(Records to use)

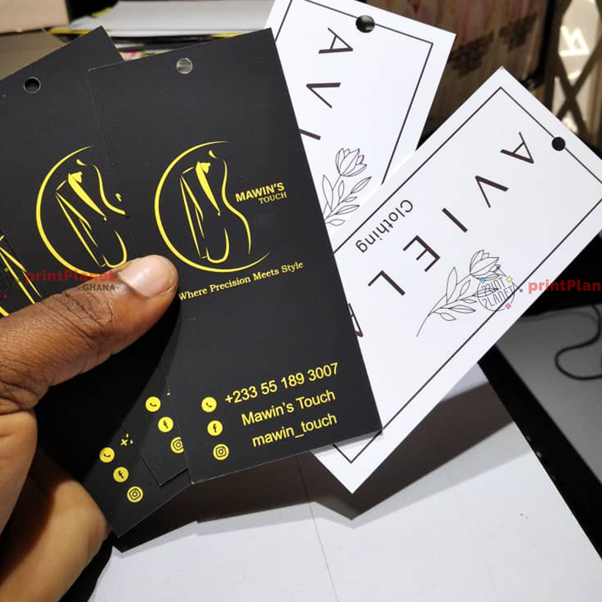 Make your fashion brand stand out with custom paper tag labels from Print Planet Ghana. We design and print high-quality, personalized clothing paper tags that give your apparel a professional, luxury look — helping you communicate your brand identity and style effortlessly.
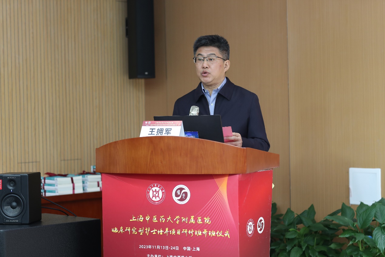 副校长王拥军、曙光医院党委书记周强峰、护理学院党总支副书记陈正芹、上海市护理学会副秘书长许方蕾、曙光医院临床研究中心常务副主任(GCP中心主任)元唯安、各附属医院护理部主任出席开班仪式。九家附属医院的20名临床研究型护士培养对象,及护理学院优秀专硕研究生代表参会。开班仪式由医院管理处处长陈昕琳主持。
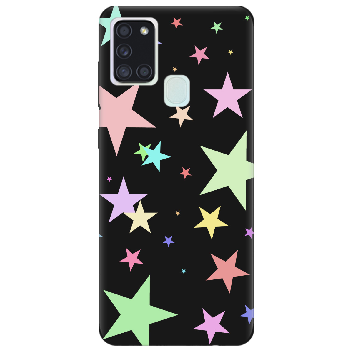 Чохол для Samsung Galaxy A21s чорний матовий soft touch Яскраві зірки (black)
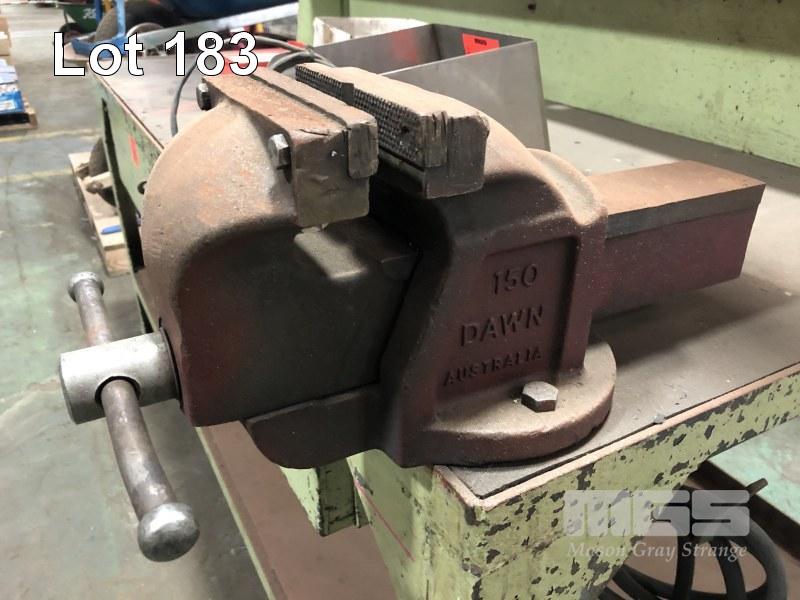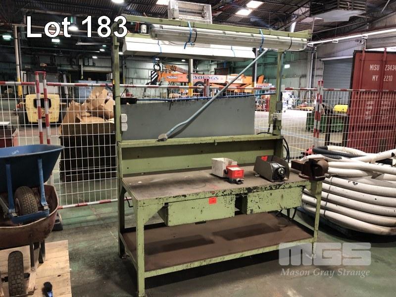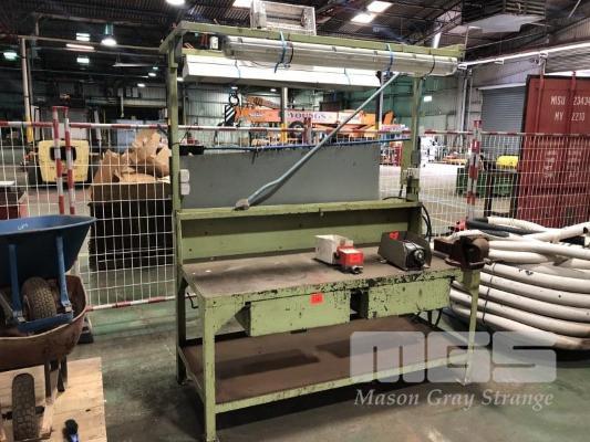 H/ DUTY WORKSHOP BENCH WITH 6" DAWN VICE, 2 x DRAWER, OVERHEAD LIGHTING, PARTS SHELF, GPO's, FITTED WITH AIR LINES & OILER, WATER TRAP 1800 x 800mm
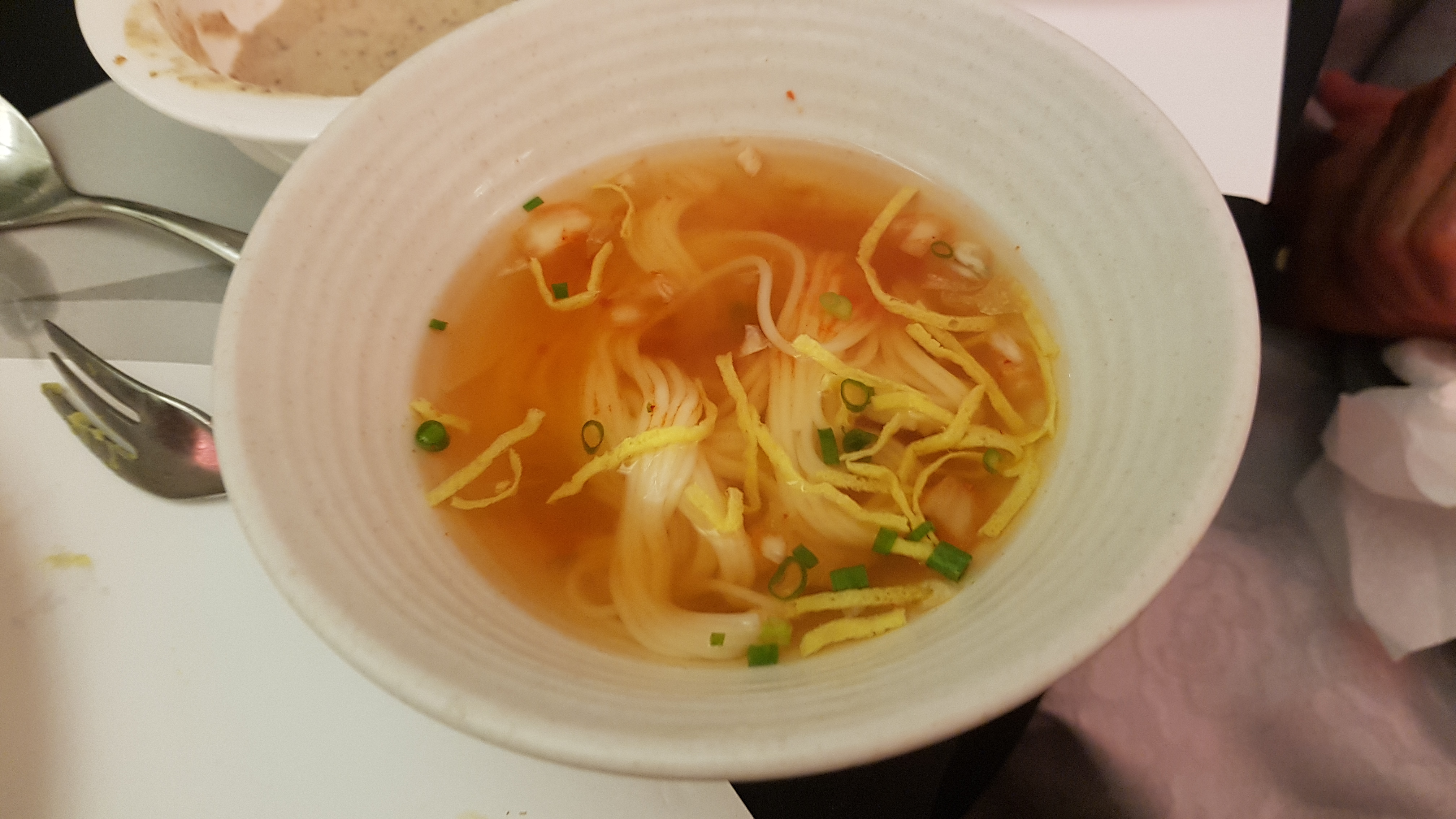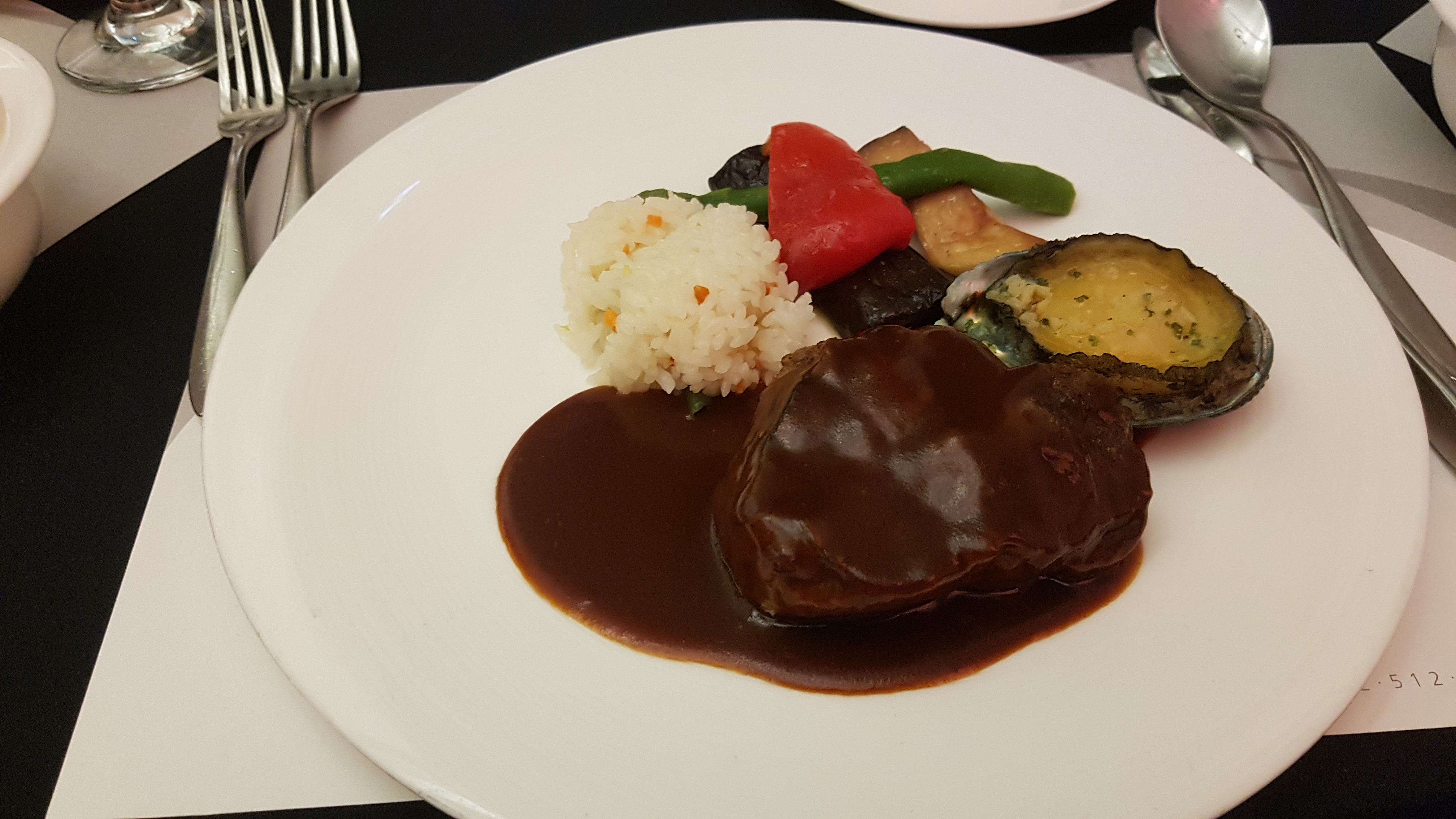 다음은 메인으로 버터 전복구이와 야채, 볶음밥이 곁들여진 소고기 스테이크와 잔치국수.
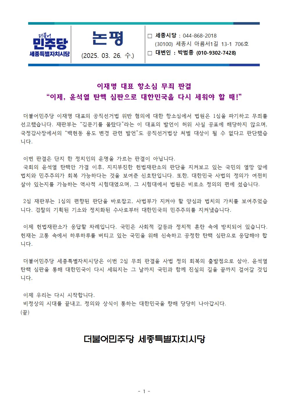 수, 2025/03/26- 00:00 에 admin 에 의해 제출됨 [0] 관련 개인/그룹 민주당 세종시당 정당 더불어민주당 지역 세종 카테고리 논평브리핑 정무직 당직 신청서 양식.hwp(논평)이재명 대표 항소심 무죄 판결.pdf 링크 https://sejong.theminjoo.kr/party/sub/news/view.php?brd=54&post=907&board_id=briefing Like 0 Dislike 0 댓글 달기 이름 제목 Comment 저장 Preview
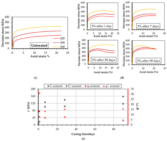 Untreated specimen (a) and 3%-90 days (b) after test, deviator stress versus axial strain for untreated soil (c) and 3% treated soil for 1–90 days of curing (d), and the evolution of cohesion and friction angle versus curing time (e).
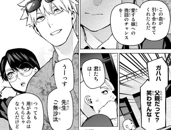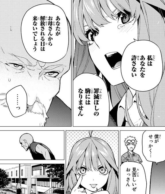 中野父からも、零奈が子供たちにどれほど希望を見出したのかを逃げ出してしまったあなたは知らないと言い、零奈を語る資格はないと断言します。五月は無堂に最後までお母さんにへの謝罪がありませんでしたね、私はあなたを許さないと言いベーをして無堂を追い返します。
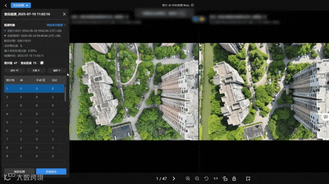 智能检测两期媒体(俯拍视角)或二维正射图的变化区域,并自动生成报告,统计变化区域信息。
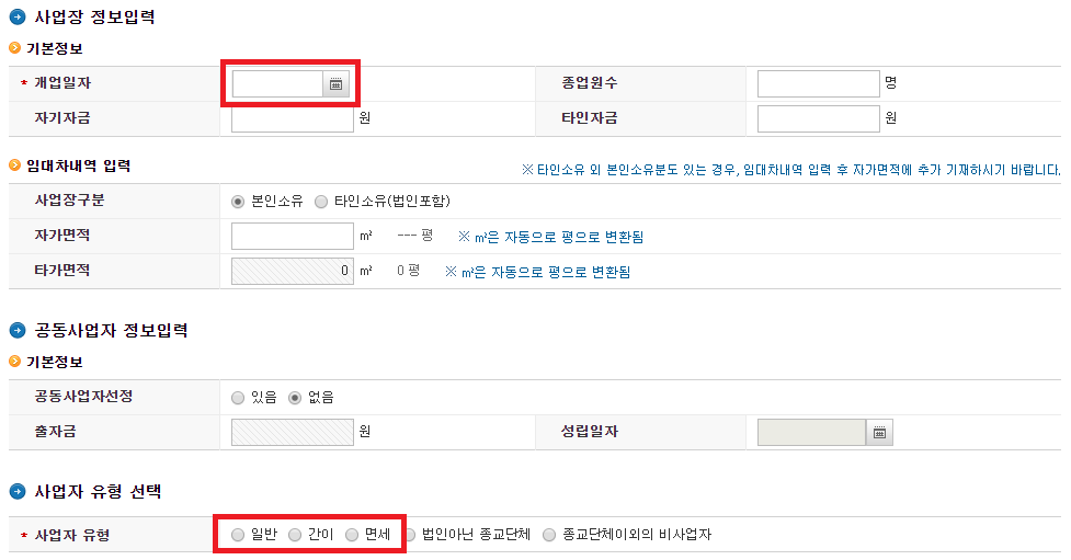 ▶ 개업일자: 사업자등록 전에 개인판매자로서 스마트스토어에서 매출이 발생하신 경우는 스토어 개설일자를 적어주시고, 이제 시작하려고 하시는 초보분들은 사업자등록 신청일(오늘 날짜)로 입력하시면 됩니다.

(End Records to use)

## [Task instructions]
From the records above, write out exactly the lines that begin at the line with "다음은 메인으로 버터" and end at the line with "Untreated specimen (a)". Pictures must not appear in the output.

## [Solved exercise]
 다음은 메인으로 버터 전복구이와 야채, 볶음밥이 곁들여진 소고기 스테이크와 잔치국수.
 수, 2025/03/26- 00:00 에 admin 에 의해 제출됨 [0] 관련 개인/그룹 민주당 세종시당 정당 더불어민주당 지역 세종 카테고리 논평브리핑 정무직 당직 신청서 양식.hwp(논평)이재명 대표 항소심 무죄 판결.pdf 링크 https://sejong.theminjoo.kr/party/sub/news/view.php?brd=54&post=907&board_id=briefing Like 0 Dislike 0 댓글 달기 이름 제목 Comment 저장 Preview
 Untreated specimen (a) and 3%-90 days (b) after test, deviator stress versus axial strain for untreated soil (c) and 3% treated soil for 1–90 days of curing (d), and the evolution of cohesion and friction angle versus curing time (e).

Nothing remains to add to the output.